**MATERIAL PROVIDED**
################

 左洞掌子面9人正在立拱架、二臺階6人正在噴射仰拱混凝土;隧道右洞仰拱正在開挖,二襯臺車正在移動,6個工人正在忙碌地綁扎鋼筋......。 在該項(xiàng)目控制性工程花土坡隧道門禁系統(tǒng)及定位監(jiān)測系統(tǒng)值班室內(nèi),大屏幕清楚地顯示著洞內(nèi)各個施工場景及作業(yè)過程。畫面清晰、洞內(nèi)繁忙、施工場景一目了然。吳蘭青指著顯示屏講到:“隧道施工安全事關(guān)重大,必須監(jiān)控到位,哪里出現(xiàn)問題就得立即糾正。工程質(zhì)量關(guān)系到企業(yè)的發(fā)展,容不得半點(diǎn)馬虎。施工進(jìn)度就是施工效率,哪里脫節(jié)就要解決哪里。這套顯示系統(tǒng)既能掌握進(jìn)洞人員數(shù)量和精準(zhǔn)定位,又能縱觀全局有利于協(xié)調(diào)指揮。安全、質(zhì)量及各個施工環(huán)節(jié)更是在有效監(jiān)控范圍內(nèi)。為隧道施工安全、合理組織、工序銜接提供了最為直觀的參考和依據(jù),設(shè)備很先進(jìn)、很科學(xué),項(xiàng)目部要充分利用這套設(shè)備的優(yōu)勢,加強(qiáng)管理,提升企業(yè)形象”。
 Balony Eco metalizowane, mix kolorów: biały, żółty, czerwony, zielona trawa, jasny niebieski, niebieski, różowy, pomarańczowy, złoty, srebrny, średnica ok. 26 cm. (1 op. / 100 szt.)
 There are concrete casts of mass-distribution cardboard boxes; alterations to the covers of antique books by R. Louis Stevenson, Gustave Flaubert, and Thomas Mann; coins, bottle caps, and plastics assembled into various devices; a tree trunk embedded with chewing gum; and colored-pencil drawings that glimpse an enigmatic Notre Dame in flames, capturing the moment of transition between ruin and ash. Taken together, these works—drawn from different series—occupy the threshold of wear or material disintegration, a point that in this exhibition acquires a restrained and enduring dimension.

################

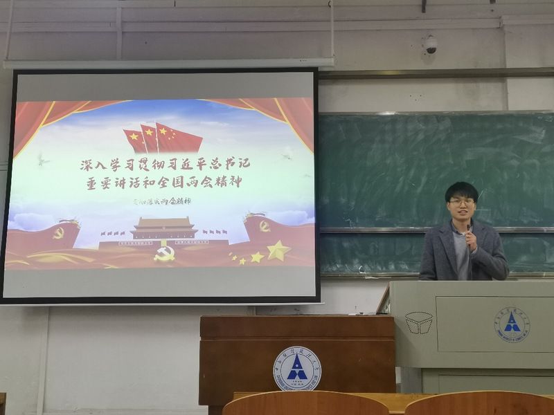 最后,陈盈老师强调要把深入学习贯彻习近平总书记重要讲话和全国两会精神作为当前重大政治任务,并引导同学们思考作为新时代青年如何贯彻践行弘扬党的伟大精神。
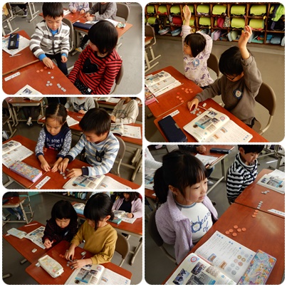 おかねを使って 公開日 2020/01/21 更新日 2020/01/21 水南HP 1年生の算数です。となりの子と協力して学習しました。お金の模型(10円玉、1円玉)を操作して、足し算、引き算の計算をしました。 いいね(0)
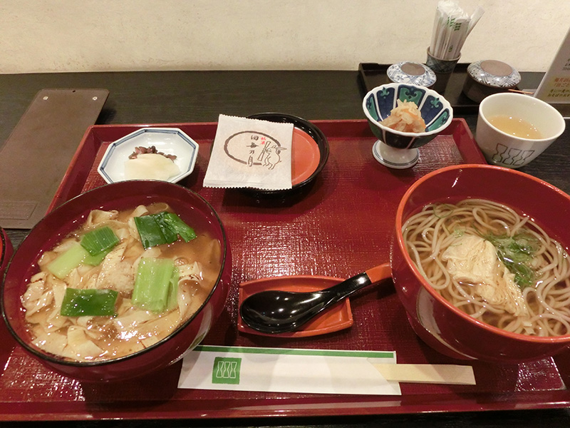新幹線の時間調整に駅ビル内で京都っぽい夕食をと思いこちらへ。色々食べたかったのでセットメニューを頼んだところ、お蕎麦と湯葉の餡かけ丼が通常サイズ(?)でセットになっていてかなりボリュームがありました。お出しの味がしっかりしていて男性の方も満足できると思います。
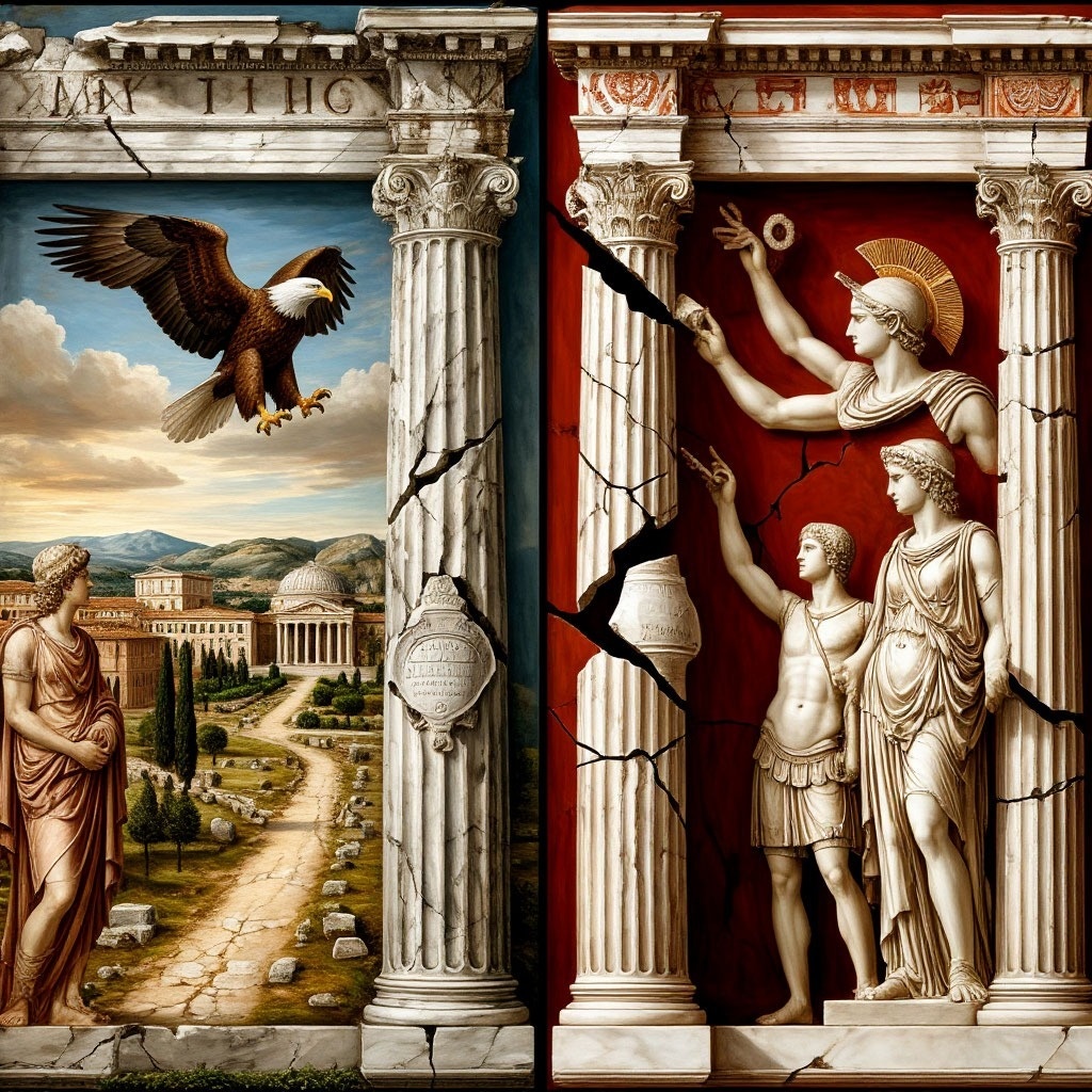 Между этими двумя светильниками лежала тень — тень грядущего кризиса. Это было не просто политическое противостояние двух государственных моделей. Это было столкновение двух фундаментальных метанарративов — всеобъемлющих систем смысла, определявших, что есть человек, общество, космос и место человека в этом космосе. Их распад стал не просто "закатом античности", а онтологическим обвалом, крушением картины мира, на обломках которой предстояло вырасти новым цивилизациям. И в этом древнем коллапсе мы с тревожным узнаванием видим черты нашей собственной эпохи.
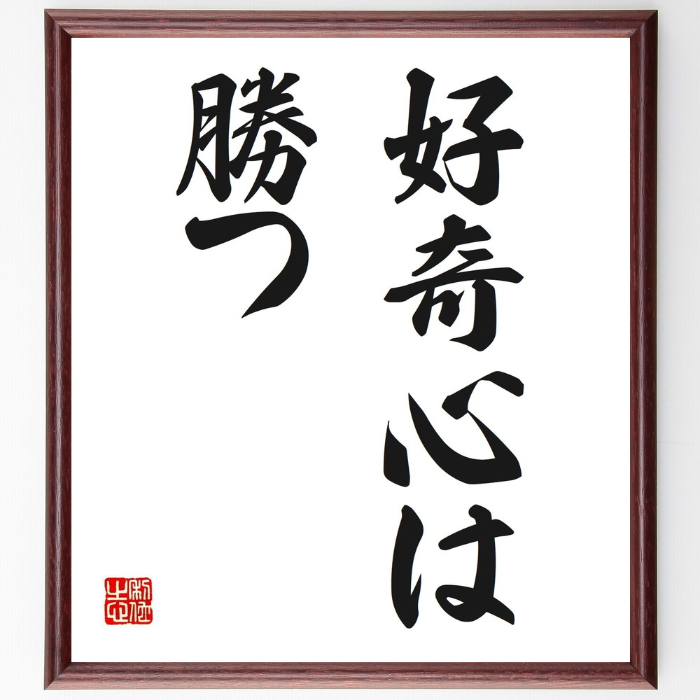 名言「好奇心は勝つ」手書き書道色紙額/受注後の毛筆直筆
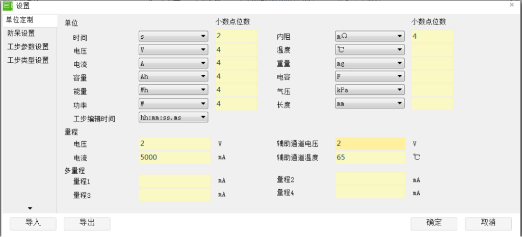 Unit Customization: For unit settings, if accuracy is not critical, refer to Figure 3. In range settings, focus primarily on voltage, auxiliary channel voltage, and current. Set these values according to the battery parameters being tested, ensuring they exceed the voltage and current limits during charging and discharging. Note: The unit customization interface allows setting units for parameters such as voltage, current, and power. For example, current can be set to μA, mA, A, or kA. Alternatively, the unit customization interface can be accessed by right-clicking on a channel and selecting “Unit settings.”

################

**TASK GOAL**
To complete this exercise, transcribe exactly the lines above from the one that holds "Между этими двумя" through the one that holds "名言「好奇心は勝つ」手書き書道色紙額/受注後の毛筆直筆". Pictures stay out.

**SOLUTION TO THIS TASK**
 Между этими двумя светильниками лежала тень — тень грядущего кризиса. Это было не просто политическое противостояние двух государственных моделей. Это было столкновение двух фундаментальных метанарративов — всеобъемлющих систем смысла, определявших, что есть человек, общество, космос и место человека в этом космосе. Их распад стал не просто "закатом античности", а онтологическим обвалом, крушением картины мира, на обломках которой предстояло вырасти новым цивилизациям. И в этом древнем коллапсе мы с тревожным узнаванием видим черты нашей собственной эпохи.
 名言「好奇心は勝つ」手書き書道色紙額/受注後の毛筆直筆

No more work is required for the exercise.